— EXERCISE OBJECTIVE —
Every line of the listing below from the one with "-2*eye(5) creates a" up to and including the one with "注: 用于进行测试的消息类型除 ros2" should be retyped exactly, and nothing else; pictures are not part of the copy.

— THE RECORDS —
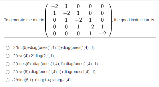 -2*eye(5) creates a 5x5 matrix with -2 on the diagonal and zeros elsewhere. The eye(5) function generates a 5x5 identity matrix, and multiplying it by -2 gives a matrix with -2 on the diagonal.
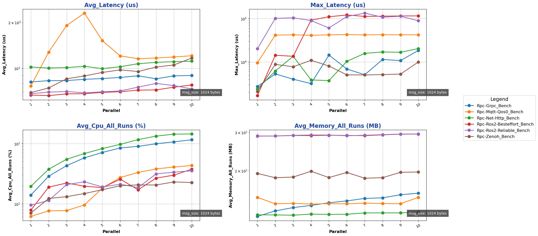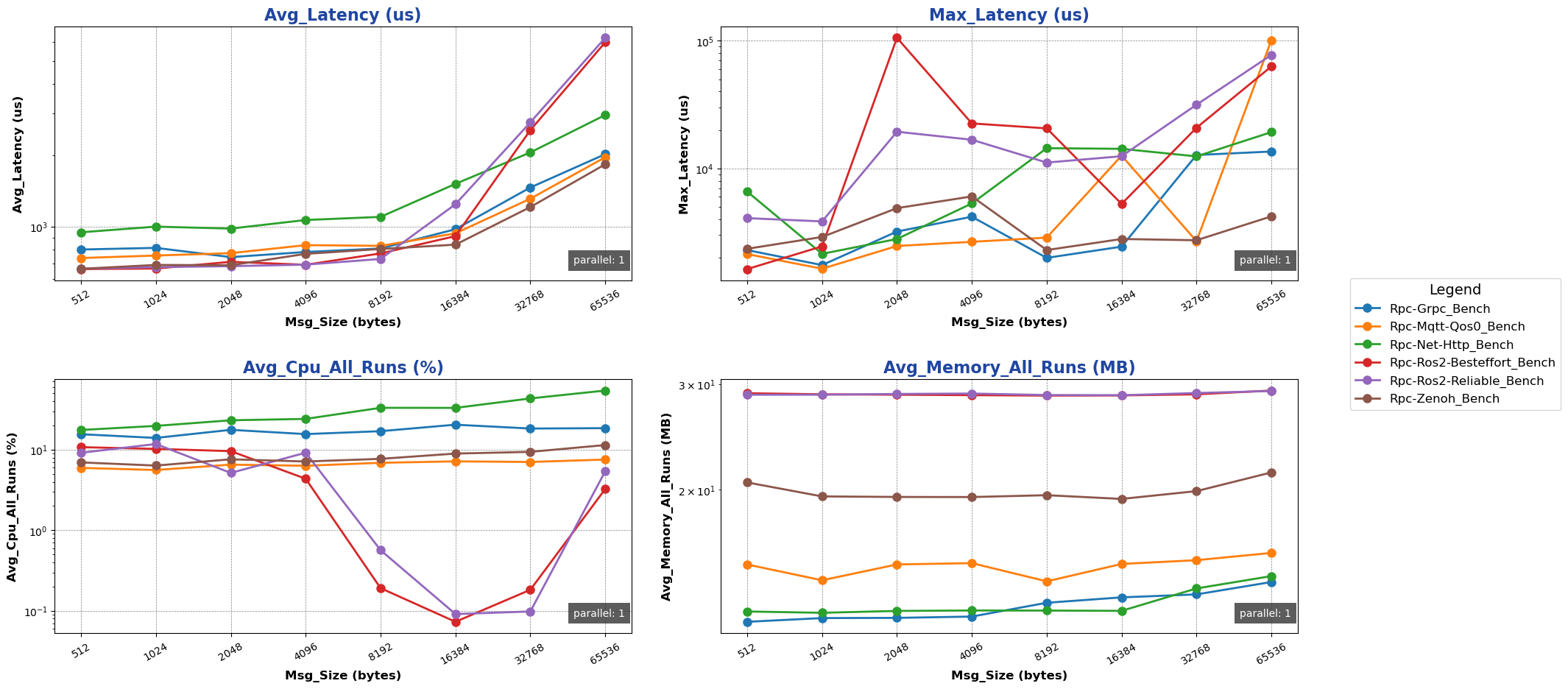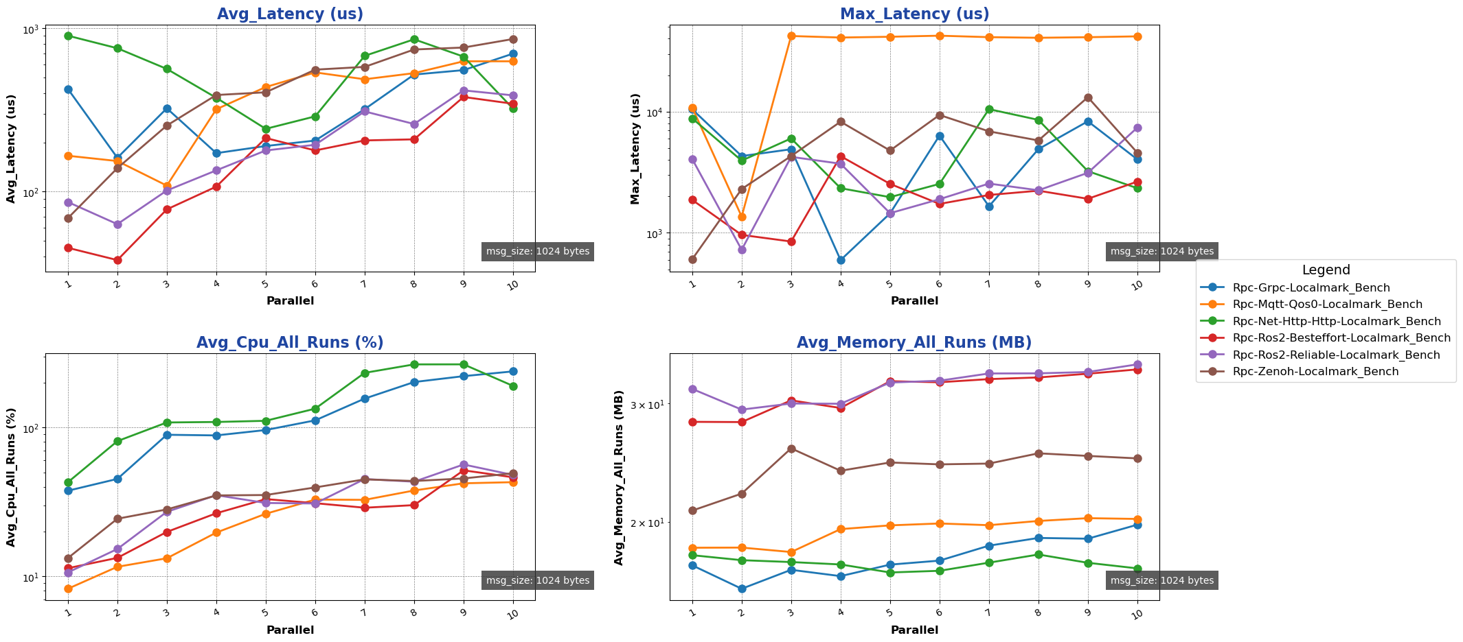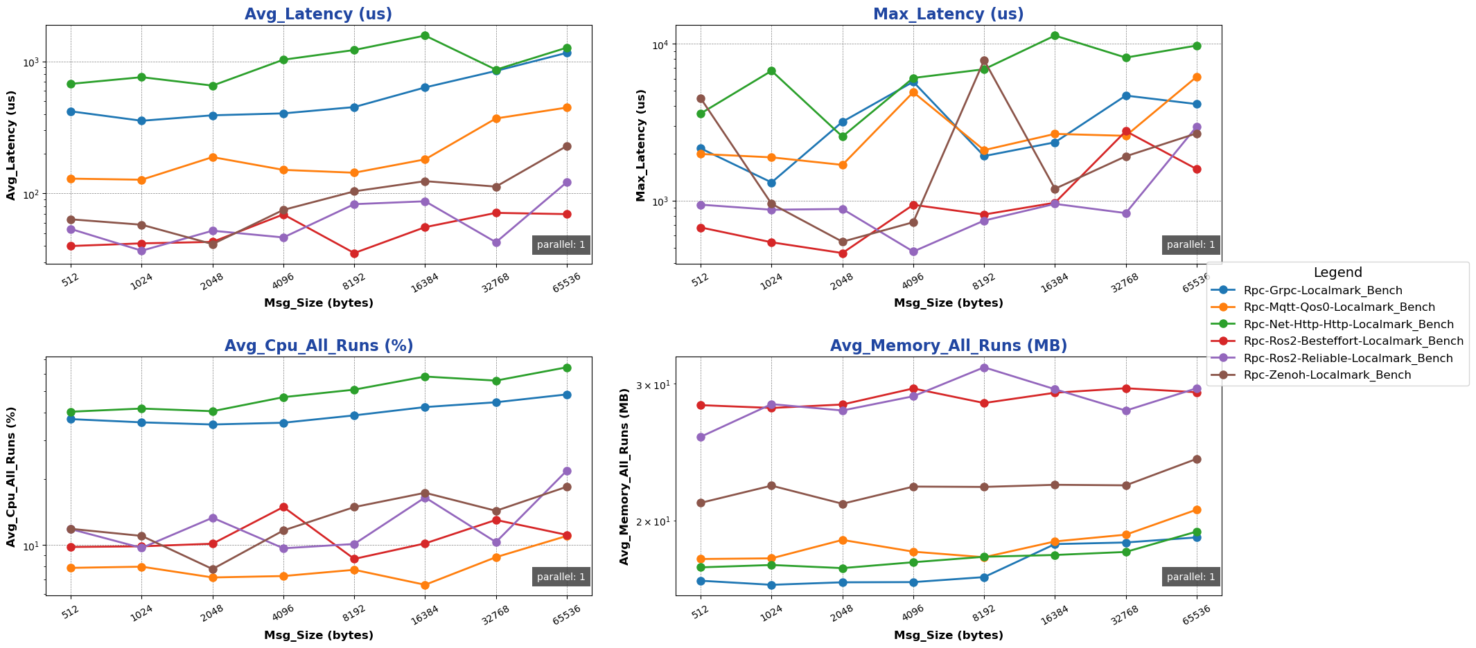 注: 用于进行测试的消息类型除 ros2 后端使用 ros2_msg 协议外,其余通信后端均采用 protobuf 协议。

==

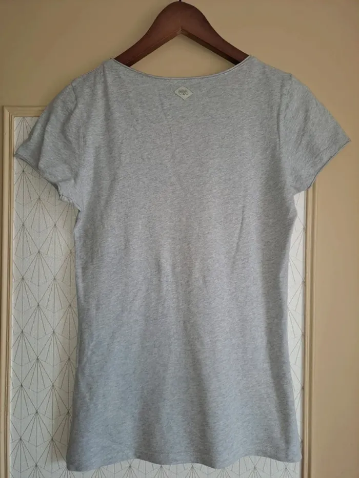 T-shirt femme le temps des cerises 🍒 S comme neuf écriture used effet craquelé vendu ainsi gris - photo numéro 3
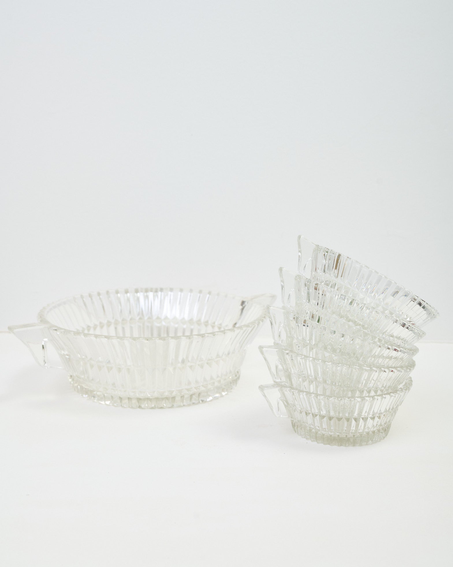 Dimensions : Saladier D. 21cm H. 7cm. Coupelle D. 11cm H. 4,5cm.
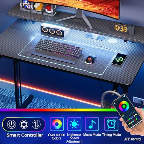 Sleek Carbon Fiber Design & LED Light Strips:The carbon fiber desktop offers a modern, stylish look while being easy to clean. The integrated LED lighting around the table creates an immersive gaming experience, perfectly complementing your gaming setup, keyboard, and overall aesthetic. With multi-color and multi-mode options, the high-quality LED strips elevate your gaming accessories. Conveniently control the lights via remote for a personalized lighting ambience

— PROBLEM SOLUTION —
 -2*eye(5) creates a 5x5 matrix with -2 on the diagonal and zeros elsewhere. The eye(5) function generates a 5x5 identity matrix, and multiplying it by -2 gives a matrix with -2 on the diagonal.
 注: 用于进行测试的消息类型除 ros2 后端使用 ros2_msg 协议外,其余通信后端均采用 protobuf 协议。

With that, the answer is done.